Thread: Duplicate data within tables

Duplicate data within tables

From
Machiel Richards
Date:
Good day all

            I am hoping someone can perhaps assist me some more once again.

            I am trying to find out how you can identify duplicate data within a postgresql database.

            The database I am working on at present seems to have a lot of data being duplicated and despite needing to find the problem within the code, the databases need to be sorted out as well.

            There is about 974 tables in the main database, however I have never done such an excercise before so I hope that some more experienced guys can give me some pointers and guidelines.

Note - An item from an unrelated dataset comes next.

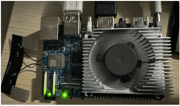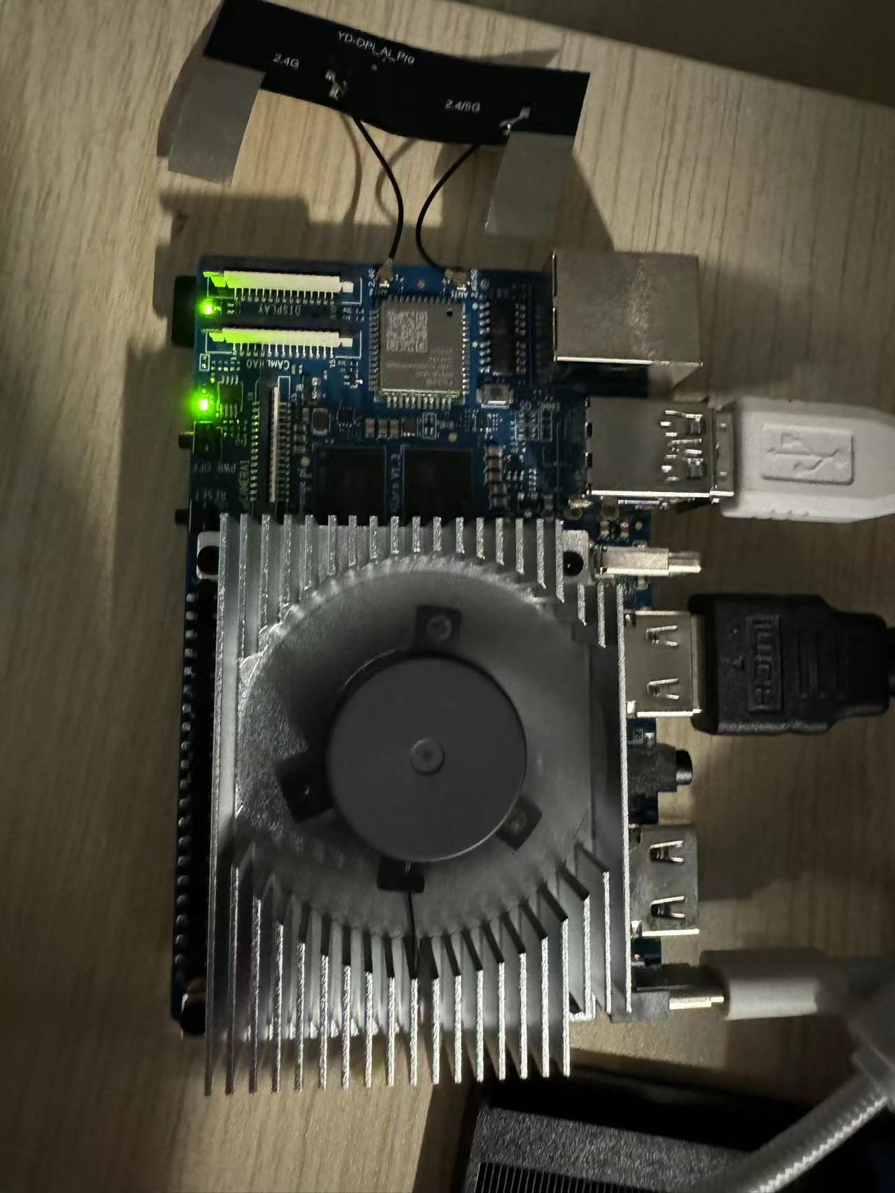 官方贴心的放上了散热风扇,可以做到自调节,上面也有两个USB接口,一个网口,两个HDMI,一个耳机口,两个Type,接口上中规中矩,下面是40个pin扩展口,有特殊需求可以自己扩展。左边是一个WiFi模块,伸长这么多,笔者觉得有点不太方便。

            I would really appreciate all the help I can get.


Regards
Machiel

Re: Duplicate data within tables

From
mike@if-then-else.pl
Date:
Quoting Machiel Richards <machielr@rdc.co.za>:

> I am trying to find out how you can identify duplicate data
> within a postgresql database.

Machiel,

The problem with duplicates can cause dozens of problems with the integrity
and sanity of the data.  There is no simple trick and you need to be very
careful.  The more careful the more complex data you work with.  Let me
show you a simple example, so you get the basic idea.  Let's say we have a
table "users" with columns: "id", "name" and "email" and some duplicated
emails in that table, which we want to get rid of:

SELECT * FROM users;

id |  name   |        email
----+---------+---------------------
  1 | john    | john@example.com
  2 | joseph  | joseph@example.com
  3 | johnny  | john@example.com
  4 | mike    | michael@example.com
  5 | admin   | admin@example.com
  6 | michael | michael@example.com
  7 | foo     | john@example.com

To identify duplicates (email with count > 1):

SELECT email, count(1) FROM users GROUP BY email ORDER BY count DESC;

        email        | count
---------------------+-------
john@example.com    |     3
michael@example.com |     2
joseph@example.com  |     1
admin@example.com   |     1

To create a table without duplicates:

CREATE TABLE distinct_users (
    id serial PRIMARY KEY,
    name text,
    email text UNIQUE
);

INSERT INTO distinct_users (name, email) SELECT min(name), email FROM users
GROUP BY email;

SELECT * FROM distinct_users;

id |  name   |        email
----+---------+---------------------
  1 | joseph  | joseph@example.com
  2 | michael | michael@example.com
  3 | foo     | john@example.com
  4 | admin   | admin@example.com

To select only the duplicates:

SELECT * FROM users WHERE name NOT IN (SELECT name FROM distinct_users);

id |  name  |        email
----+--------+---------------------
  1 | john   | john@example.com
  3 | johnny | john@example.com
  4 | mike   | michael@example.com

As I said before, there is no simple trick that would resolve the duplicates
problem in 974-table database.  It is not only a design problem.  Since the
database is full of date, it became a content problem as well (if not
mainly).  You do not want to loose part of your data, do you?  So you need
to recreate the logic in more strict way and then put all your existing
data into it.  Esentially you have to take the duplicated data, think of it
and pick the most important part of it and then define as many one-to-many
relations, as you need. Let's get back to our "users" table and let's say
the most significant information is the email. We already created the
"distinct_users" table with UNIQUE emails. We picked one "name", now we
need to work on the rest of the information a little bit.  That would be:
former id's and additional names of the user used in the past.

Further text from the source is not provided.